(COLLECTED DATA begins)

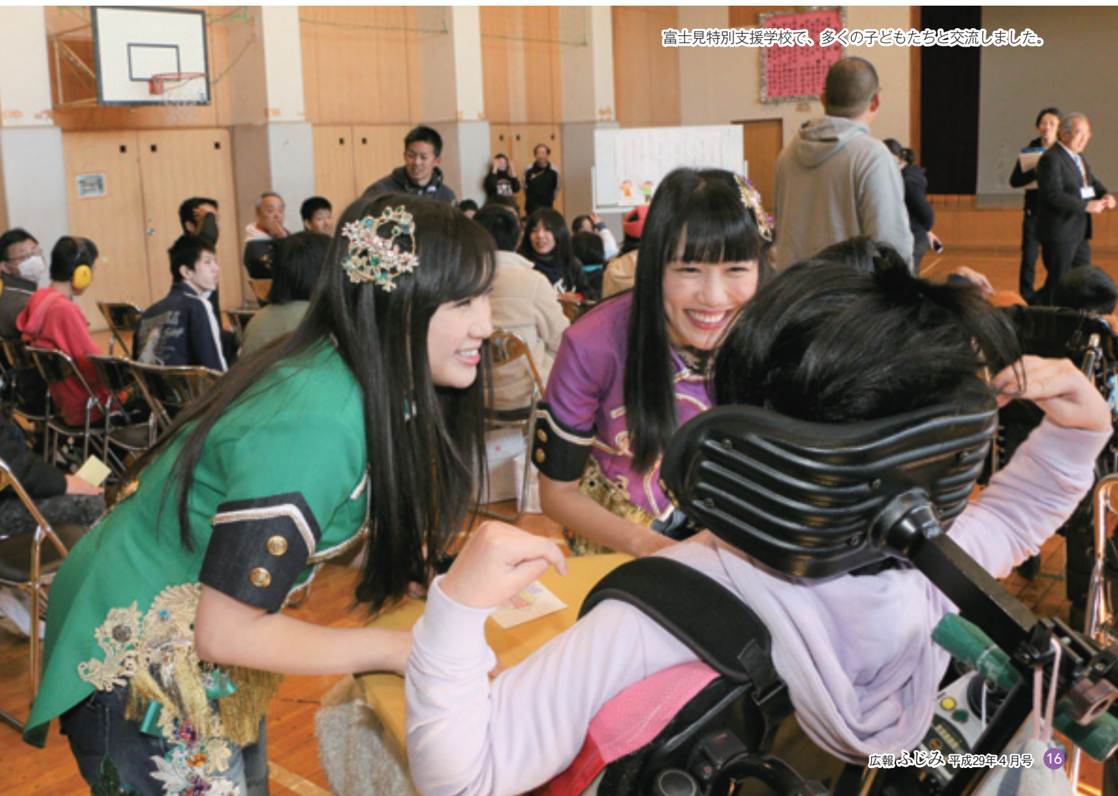
富士見特別支援学校で、多くの子どもたちと交流しました。
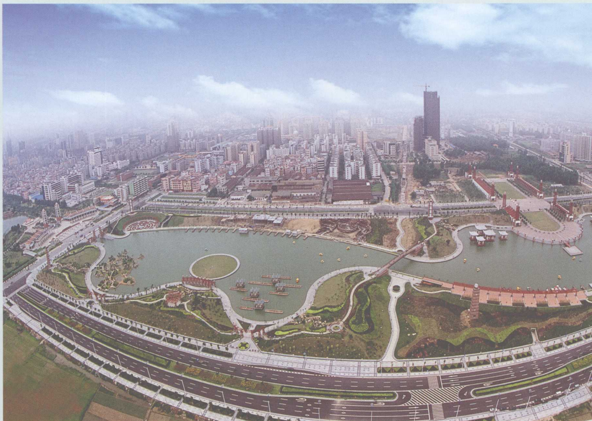
▲ 千灯湖，位于桂城，占地约201333平方米，是城市开敞公园，始建于2000年。图为千灯湖鸟瞰。
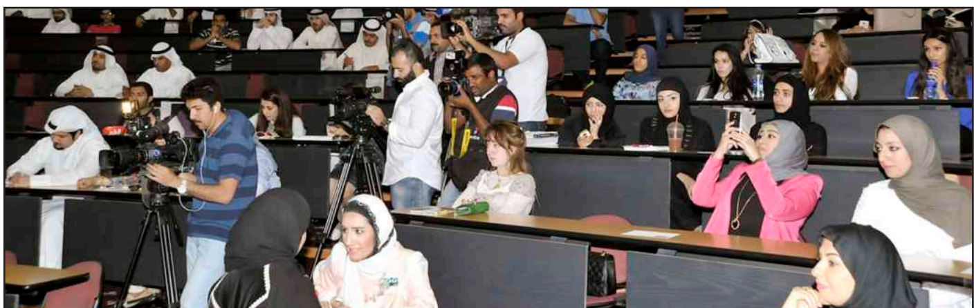
● جانب من الحضور

و مضى أبل قائلا اليوم أصبح من الضروري تبني مشاريع بناء المدن وليس توفير سكن فقط، ودراسة أسباب الخلل في السوق العقاري لإيجاد الحلول المناسبة، وتصحيح الخلل في نظام توفير السكن، وأسباب ارتفاع أسعار الأراضي بشكل ملحوظ في السنوات الأخيرة بهدف تطبيق

(COLLECTED DATA ends)

### WORK TASK
Retype the material in full, exactly as written, and exclude the pictures.

### WRITTEN RESPONSE
富士見特別支援学校で、多くの子どもたちと交流しました。
▲ 千灯湖，位于桂城，占地约201333平方米，是城市开敞公园，始建于2000年。图为千灯湖鸟瞰。
● جانب من الحضور

و مضى أبل قائلا اليوم أصبح من الضروري تبني مشاريع بناء المدن وليس توفير سكن فقط، ودراسة أسباب الخلل في السوق العقاري لإيجاد الحلول المناسبة، وتصحيح الخلل في نظام توفير السكن، وأسباب ارتفاع أسعار الأراضي بشكل ملحوظ في السنوات الأخيرة بهدف تطبيق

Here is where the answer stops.